Biotech Licenses Yield Lower Financial Returns for Academic Institutions

Bentley University

The financial terms of biotechnology licenses from academic institutions are significantly less favorable than those of comparable licenses between commercial firms according to a new study from Bentley University‘s Center for Integration of Science and Industry. The study, published in the journal PLOS ONE, shows that the royalties and payments to academic institutions are significantly lower than those to commercial firms for similar licenses and products at the same stages of development.

The article, titled “Comparing the economic terms of biotechnology licenses from academic institutions with those between commercial firms,” is the first to make an explicit comparison of academic and commercial licenses. Licenses of biotechnologies from academic institutions provide a mechanism by which scientific discoveries made with government-funded research grants are transferred to companies to develop commercial products. These licenses provide financial returns to the public sector, which universities can use to support research or education, and enable industry to develop innovative products, create jobs, and generate economic growth.

“Our previous work has shown that the U.S. government invests more than a billion dollars for the early-stage basic or applied research underlying each innovative, first-in-class drug. Here, we examined how much of the profit from such products is returned to the public.” said Fred Ledley, Director of the Center for Integration of Science and Industry, and the senior author on this study. “The results suggest that the public sector is not getting the same returns that a company would expect from similar licenses.”

The Bentley University study compared the economic terms of 239 biotechnology licenses from academic institutions to biotechnology companies with 916 comparable licenses between commercial firms. Academic licenses had lower royalty rates (3% versus 8%), lower total payments (deal size) ($900 thousand versus $31 million), and lower payments before product launch (precommercial payments) ($1.1 million versus $25 million).

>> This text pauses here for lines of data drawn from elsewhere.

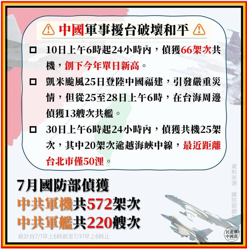 民進黨中國事務部下午指出,7月國防部偵獲中國軍機572架次、軍艦220艘次,譴責中共以此恫嚇台灣。(圖由民進黨中國事務部提供)
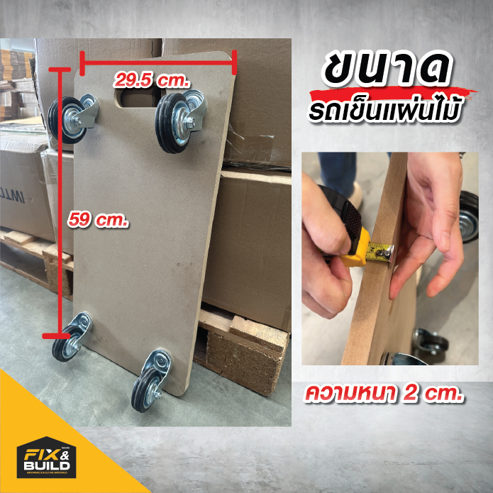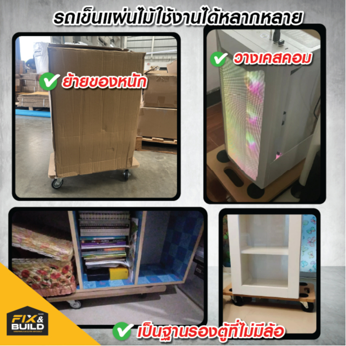 รถเข็นของ รถเข็นแบบแผ่นไม้ Fix&Build (มาใหม่) ตัวช่วยยกของหนัก ย้ายของ วางเคสคอม เก็บง่าย รับน้ำหนักได้ 100 Kg.
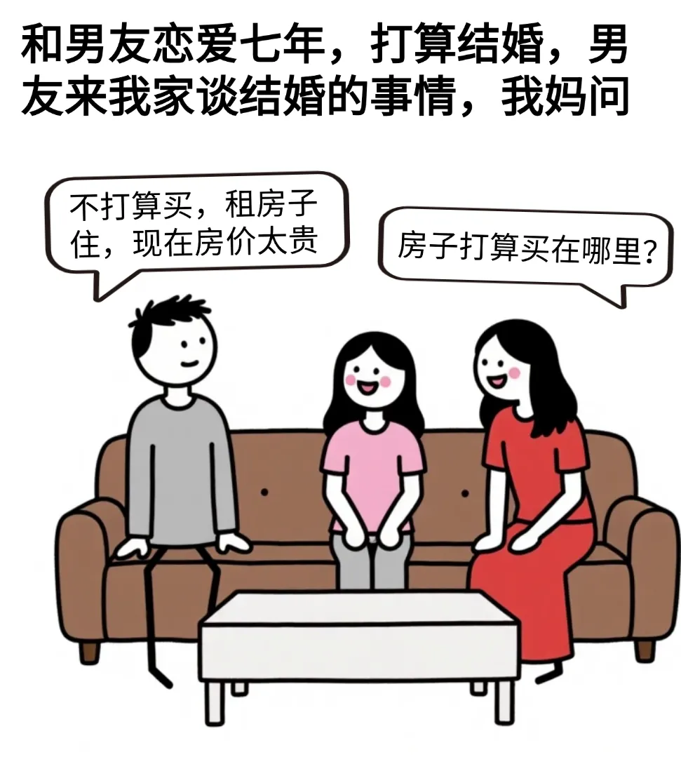 >开心漫画:和男友恋爱七年,他来家里谈结婚,我妈:房买哪里?男友:租房.我妈:啥车?男:没车.彩礼呢?男:要彩礼就不是真爱,不能给
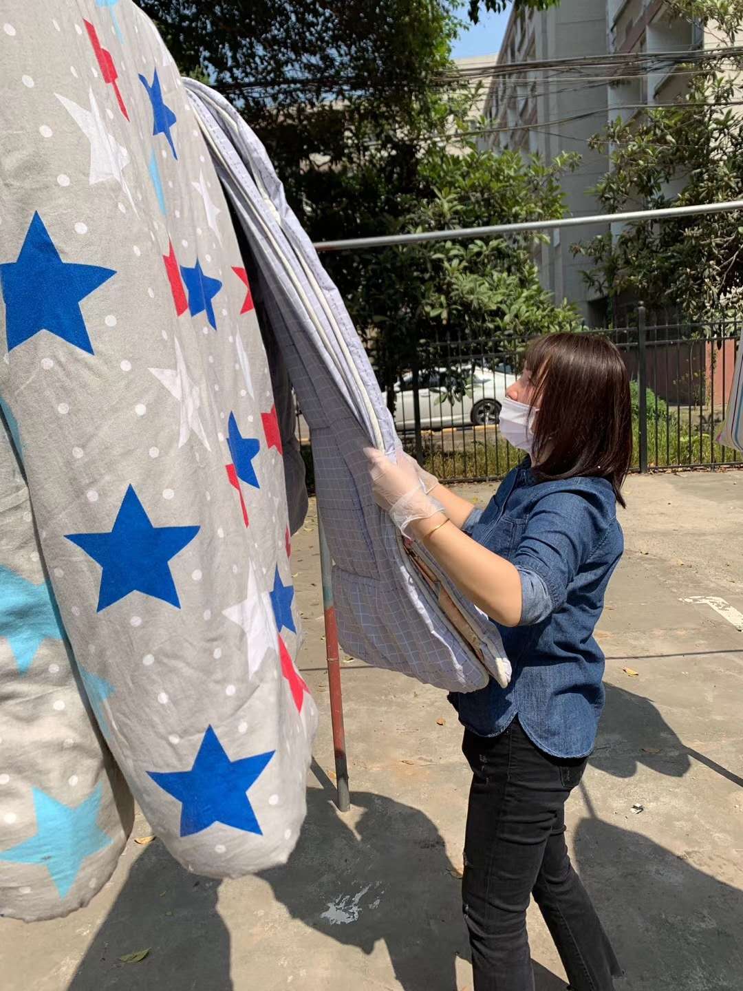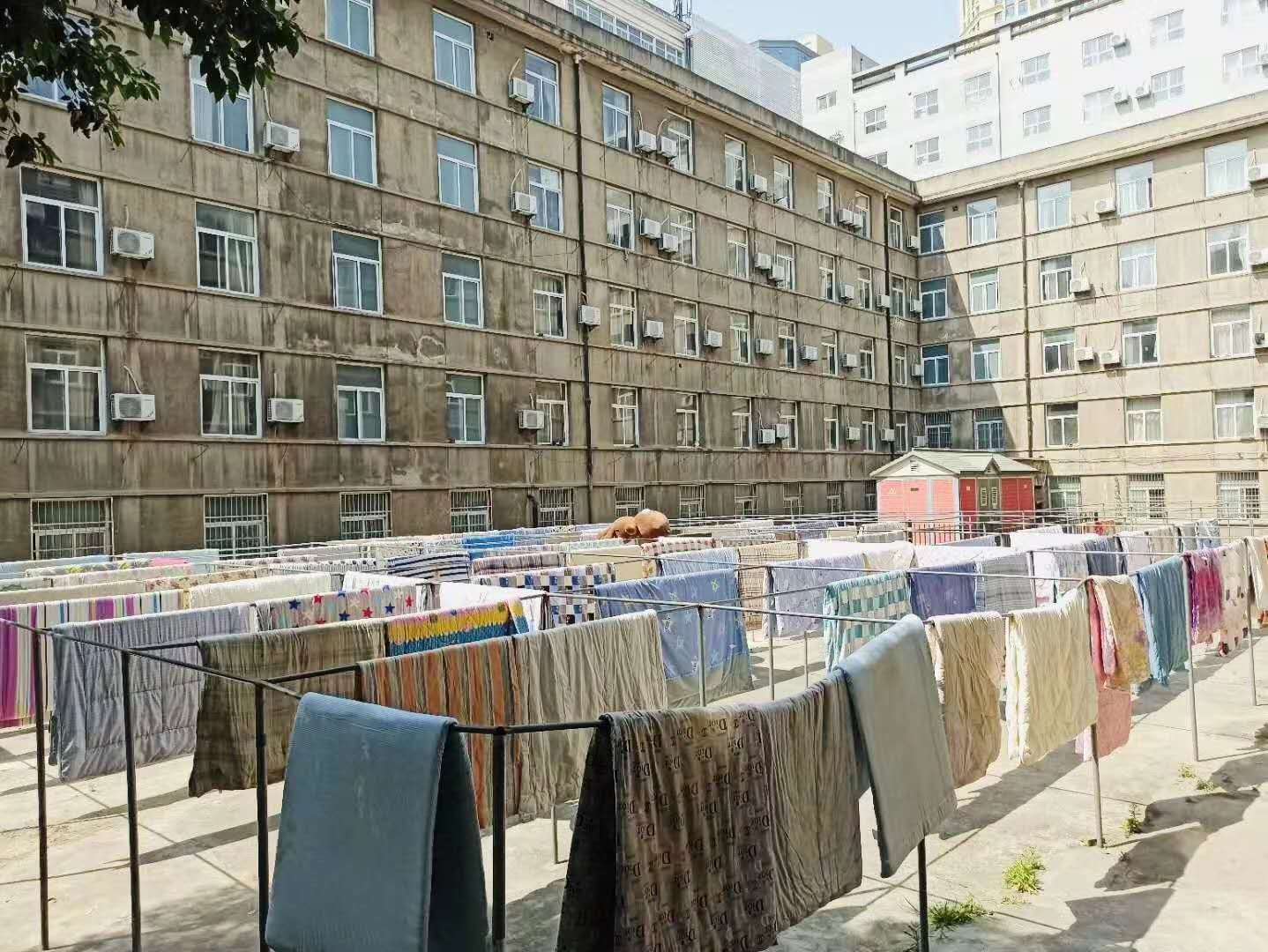 同时,在2016级毕业员工即将返校之际,为了让同学们返校时能够有一个干净、卫生的宿舍环境,在后勤集团宿管科的大力支持下,公司组织老师分批、错时地前往员工宿舍将员工的被褥拿到校园公共区域进行晾晒,老师们利用夹子和便利贴对每一床被褥进行了认真标记和署名,保证准确无误地将员工被褥“从哪里来,还哪里去”。他们为自己的员工辛勤付出,一趟趟地上楼下楼,一趟趟地搬运整理,体现出了浓浓的关怀之情。

While academic licenses, on average, involved products at less advanced stages of development than corporate licenses, differences in the stage of development accounted for less than half of the disparity between academic and corporate licenses. Considering differences in stage of development together with differences in research payments, co-development, co-commercialization, exclusivity, or grants of stock, academic licenses had royalty rates that were 3-3.6% lower than corporate licenses, deal sizes that were $11.4-$12.2 million lower than corporate licenses, and precommercial payments that were $7.6-$9.4 million lower than corporate licenses.

Prateet Shah was the lead author of this work along with Dr. Gregory Vaughan and Dr. Ledley. Mr. Shah conducted this research as an undergraduate researcher at Bentley University.

This analysis used the BioSciDB database provided by Mark Edwards and BioScience Advisors, now part of Evaluate Ltd.

This work was supported by a grant from the National Biomedical Research Foundation.